I am trying to calculate the reduction amount / step per round for the given:
rounds = 1000 points = 80 starting at reward = 1 point
So from round 1 which has a reward of 1 point deduct a fixed amount for the remaining 999 rounds until the sum of all rewards = 80 points.

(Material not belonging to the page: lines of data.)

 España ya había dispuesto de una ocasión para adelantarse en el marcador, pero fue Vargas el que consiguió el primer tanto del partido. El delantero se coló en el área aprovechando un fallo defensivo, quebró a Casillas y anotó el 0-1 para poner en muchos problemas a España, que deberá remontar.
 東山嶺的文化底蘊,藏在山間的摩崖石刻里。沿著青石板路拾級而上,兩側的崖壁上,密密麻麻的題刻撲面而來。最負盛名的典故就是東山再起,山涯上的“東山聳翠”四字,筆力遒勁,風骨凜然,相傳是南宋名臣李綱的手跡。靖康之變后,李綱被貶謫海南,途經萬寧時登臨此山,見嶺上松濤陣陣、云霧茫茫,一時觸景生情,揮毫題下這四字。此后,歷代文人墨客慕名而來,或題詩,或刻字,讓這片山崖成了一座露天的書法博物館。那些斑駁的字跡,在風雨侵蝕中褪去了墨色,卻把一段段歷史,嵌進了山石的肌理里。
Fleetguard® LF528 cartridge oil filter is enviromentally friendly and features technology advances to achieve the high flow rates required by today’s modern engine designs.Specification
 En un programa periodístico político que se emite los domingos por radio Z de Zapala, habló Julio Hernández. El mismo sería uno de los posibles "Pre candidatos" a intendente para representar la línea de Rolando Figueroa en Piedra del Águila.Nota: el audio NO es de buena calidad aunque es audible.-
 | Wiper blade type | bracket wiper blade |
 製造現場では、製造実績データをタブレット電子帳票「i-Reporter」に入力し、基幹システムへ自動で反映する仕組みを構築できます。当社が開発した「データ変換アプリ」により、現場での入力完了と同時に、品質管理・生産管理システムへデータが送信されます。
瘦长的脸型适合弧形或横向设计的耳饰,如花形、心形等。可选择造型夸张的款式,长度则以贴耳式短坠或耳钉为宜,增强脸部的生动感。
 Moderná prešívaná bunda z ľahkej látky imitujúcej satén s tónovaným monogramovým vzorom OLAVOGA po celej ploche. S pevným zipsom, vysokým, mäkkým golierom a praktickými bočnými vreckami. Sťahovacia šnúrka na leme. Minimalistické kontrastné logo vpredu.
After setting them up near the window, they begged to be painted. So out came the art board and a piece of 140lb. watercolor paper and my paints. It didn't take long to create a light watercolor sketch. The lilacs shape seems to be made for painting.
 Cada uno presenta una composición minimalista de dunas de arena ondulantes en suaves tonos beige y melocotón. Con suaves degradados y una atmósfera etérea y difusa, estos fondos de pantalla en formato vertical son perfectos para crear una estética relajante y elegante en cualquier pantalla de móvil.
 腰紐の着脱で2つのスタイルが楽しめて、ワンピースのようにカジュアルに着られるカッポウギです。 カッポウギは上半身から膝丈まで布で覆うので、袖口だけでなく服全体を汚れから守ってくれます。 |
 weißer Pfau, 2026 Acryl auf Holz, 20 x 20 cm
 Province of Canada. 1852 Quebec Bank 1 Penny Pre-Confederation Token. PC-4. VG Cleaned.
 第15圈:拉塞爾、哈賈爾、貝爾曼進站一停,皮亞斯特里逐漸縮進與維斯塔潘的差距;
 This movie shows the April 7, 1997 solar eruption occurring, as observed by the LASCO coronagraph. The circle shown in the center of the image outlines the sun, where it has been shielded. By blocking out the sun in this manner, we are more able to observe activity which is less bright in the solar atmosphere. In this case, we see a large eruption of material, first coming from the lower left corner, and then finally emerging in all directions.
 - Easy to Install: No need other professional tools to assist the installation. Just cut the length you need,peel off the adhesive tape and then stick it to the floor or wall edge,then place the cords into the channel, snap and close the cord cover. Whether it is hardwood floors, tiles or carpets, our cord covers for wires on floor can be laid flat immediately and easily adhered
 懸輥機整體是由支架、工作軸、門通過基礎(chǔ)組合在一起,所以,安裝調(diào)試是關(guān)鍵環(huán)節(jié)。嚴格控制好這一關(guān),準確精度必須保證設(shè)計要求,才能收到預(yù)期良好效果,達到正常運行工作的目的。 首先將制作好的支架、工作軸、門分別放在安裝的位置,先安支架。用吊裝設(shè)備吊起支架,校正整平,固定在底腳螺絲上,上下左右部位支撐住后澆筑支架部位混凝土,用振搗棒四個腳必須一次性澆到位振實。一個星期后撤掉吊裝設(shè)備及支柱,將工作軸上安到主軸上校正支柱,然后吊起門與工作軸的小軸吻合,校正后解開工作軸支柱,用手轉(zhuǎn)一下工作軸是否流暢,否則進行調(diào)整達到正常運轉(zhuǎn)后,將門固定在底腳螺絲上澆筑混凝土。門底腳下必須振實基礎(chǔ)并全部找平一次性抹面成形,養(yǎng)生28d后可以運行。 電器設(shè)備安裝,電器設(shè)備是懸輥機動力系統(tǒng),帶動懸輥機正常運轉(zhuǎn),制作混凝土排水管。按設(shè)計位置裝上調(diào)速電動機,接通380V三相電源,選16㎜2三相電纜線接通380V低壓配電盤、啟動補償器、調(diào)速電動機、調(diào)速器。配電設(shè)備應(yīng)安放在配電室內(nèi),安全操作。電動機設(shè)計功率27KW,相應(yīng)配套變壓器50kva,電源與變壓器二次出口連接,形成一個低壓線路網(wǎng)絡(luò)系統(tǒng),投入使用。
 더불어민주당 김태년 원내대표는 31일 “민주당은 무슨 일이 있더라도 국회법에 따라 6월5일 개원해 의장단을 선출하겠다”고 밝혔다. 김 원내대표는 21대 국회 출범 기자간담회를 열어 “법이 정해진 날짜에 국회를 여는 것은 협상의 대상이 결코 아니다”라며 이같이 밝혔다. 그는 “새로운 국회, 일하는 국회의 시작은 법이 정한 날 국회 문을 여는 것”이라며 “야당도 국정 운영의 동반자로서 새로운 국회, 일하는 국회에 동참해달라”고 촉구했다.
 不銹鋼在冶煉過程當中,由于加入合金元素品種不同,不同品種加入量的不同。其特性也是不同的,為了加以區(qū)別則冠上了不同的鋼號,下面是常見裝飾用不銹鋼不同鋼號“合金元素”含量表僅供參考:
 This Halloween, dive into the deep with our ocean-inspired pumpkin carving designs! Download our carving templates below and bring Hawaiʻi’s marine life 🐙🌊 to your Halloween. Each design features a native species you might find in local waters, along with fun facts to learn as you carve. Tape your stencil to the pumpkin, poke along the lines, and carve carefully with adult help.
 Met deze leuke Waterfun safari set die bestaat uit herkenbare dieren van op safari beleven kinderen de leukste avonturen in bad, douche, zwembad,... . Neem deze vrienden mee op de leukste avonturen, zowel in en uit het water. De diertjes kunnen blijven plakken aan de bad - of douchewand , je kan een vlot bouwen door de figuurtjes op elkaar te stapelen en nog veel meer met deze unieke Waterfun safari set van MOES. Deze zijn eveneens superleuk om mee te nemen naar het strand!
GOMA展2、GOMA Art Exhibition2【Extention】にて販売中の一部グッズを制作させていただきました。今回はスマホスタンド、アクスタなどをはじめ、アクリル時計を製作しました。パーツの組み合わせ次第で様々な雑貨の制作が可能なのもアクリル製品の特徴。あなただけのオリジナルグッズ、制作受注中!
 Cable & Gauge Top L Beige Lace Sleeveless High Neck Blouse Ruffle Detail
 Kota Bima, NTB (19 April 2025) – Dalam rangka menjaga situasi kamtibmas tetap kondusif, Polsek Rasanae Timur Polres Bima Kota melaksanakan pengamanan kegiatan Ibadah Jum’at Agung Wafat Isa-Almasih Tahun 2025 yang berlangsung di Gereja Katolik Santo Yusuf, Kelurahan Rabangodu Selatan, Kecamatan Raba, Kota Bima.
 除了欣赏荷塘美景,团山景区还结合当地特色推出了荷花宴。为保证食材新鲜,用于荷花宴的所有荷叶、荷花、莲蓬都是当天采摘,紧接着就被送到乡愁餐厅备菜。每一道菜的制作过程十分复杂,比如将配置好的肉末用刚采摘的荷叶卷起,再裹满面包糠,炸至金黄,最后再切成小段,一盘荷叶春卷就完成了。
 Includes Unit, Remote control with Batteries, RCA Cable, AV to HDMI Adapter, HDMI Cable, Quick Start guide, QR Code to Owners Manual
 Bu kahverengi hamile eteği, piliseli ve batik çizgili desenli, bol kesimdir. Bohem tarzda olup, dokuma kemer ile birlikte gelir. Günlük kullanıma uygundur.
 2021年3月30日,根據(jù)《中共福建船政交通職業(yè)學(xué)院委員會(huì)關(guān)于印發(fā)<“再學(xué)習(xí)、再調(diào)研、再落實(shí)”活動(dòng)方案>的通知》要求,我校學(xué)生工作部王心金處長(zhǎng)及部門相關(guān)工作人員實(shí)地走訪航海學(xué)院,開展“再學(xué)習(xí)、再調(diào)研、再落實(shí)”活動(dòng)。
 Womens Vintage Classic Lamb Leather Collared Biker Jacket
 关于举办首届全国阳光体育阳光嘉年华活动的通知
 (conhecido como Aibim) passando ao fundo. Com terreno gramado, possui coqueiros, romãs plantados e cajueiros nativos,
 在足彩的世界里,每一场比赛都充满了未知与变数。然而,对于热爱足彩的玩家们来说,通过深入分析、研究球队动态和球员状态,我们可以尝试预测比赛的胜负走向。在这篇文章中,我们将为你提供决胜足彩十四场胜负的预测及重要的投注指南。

fixed_deduction_amount = ??
round 1, reward1 = 1 round 2, reward2 = 1 - fixed_deduction_amount round 3, reward3 = 1 - (2 x fixed_deduction_amount)
80 = reward1 + reward2 + .... + reward1000;
Can anyone point me in the right direction?
UPDATE 1
Put another way I am trying to find the value of y in:
80 = 1 + (1 - y) + (1 - 2y) + (1 - 3y) + ..... + (1 - 999y)
UPDATE 2
Thanks for the suggestion.
I am not sure I am doing it correctly but for the following values:
rounds = 25 total_rewards = 10 start_reward = 1
I get:
25 - 650x/2 + 25x = 10
-300x = -15
x = 0.05;
reduction_value = 0.05
rounds:
1: 0.95 :: running total = 1
2: 0.9 :: running total = 1.95
3: 0.85 :: running total = 2.85
4: 0.8 :: running total = 3.7
5: 0.75 :: running total = 4.5
6: 0.7 :: running total = 5.25
7: 0.65 :: running total = 5.95
8: 0.6 :: running total = 6.6
9: 0.55 :: running total = 7.2
10: 0.5 :: running total = 7.75
11: 0.45 :: running total = 8.25
12: 0.4 :: running total = 8.7
13: 0.35 :: running total = 9.1
14: 0.3 :: running total = 9.45
15: 0.25 :: running total = 9.75
16: 0.2 :: running total = 10
17: 0.15 :: running total = 10.2
18: 0.1 :: running total = 10.35
19: 0.05 :: running total = 10.45
20: -3.16414e-16 :: running total = 10.5
21: -0.05 :: running total = 10.5
22: -0.1 :: running total = 10.45
23: -0.15 :: running total = 10.35
24: -0.2 :: running total = 10.2
25: -0.25 :: running total = 10
Is there a way to do this where the running total never exceeds the total_rewards value? In other words the round reward never goes below 0?
Thanks
I don´t know exactly, what do you want. From your post I deduce the following equation:
$$\sum_{i=1}^{1000} \left( 1-(i-1)\cdot x \right) =80 $$
The LHS can be splitted into three sums:
$\sum_{i=1}^{1000} 1 \ \ \ \ (1)$
$-x\sum_{i=1}^{1000} i \ \ \ \ (2)$
$x\sum_{i=1}^{1000} 1 \ \ \ \ (3)$
$(1)$ has the value 1000.
$(2)$ can be simplified by using the formula for the nth partial sum of a geometric series: $$-x \cdot \frac{1000\cdot 1001}{2}$$
$(3)$ is $1000\cdot x$
The sum of the three terms has to be 80. Thus you have an equation, which has to be solved for x.